**Exercise directions**
Retype each line of the material exactly, please, skipping any picture in it.

**Provided data**
□ □ □ □

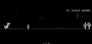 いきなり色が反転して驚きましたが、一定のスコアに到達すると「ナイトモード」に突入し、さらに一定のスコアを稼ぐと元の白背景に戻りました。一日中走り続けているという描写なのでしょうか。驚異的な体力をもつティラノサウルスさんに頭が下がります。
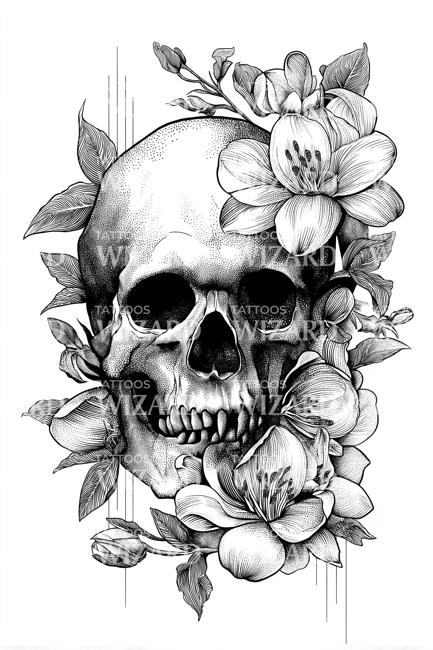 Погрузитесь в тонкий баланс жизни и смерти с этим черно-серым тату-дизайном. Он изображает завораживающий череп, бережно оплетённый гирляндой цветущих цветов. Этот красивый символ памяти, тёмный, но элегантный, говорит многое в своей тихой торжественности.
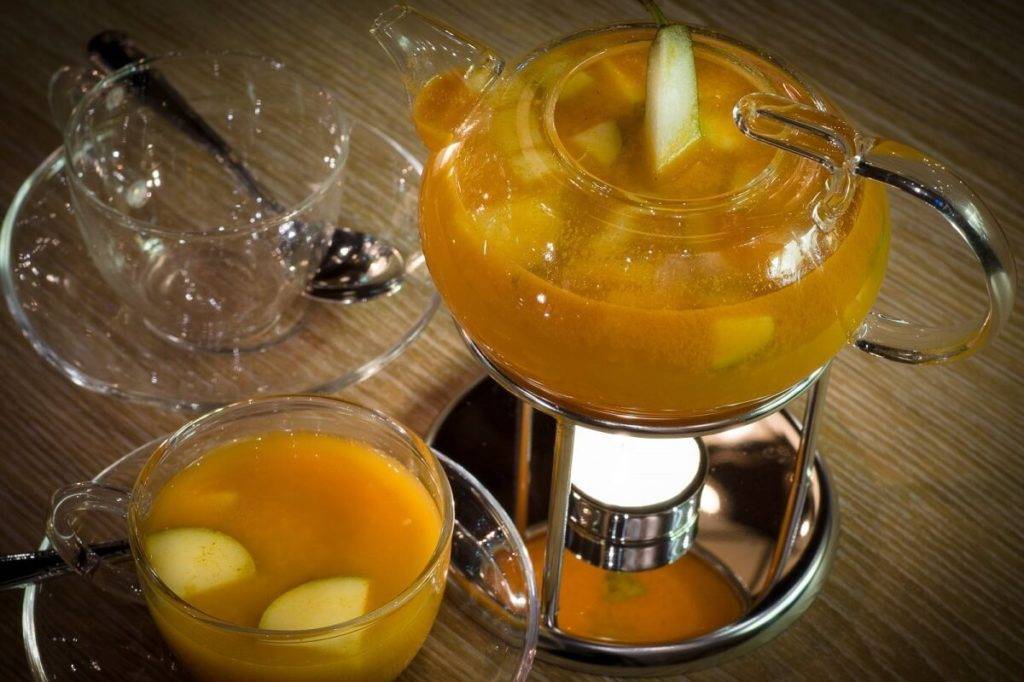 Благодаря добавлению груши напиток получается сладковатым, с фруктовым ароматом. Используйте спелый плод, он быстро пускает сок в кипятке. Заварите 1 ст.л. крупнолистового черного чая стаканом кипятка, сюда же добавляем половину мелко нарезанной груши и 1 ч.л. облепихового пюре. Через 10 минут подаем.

□ □ □ □

**Exercise response**
 いきなり色が反転して驚きましたが、一定のスコアに到達すると「ナイトモード」に突入し、さらに一定のスコアを稼ぐと元の白背景に戻りました。一日中走り続けているという描写なのでしょうか。驚異的な体力をもつティラノサウルスさんに頭が下がります。
 Погрузитесь в тонкий баланс жизни и смерти с этим черно-серым тату-дизайном. Он изображает завораживающий череп, бережно оплетённый гирляндой цветущих цветов. Этот красивый символ памяти, тёмный, но элегантный, говорит многое в своей тихой торжественности.
 Благодаря добавлению груши напиток получается сладковатым, с фруктовым ароматом. Используйте спелый плод, он быстро пускает сок в кипятке. Заварите 1 ст.л. крупнолистового черного чая стаканом кипятка, сюда же добавляем половину мелко нарезанной груши и 1 ч.л. облепихового пюре. Через 10 минут подаем.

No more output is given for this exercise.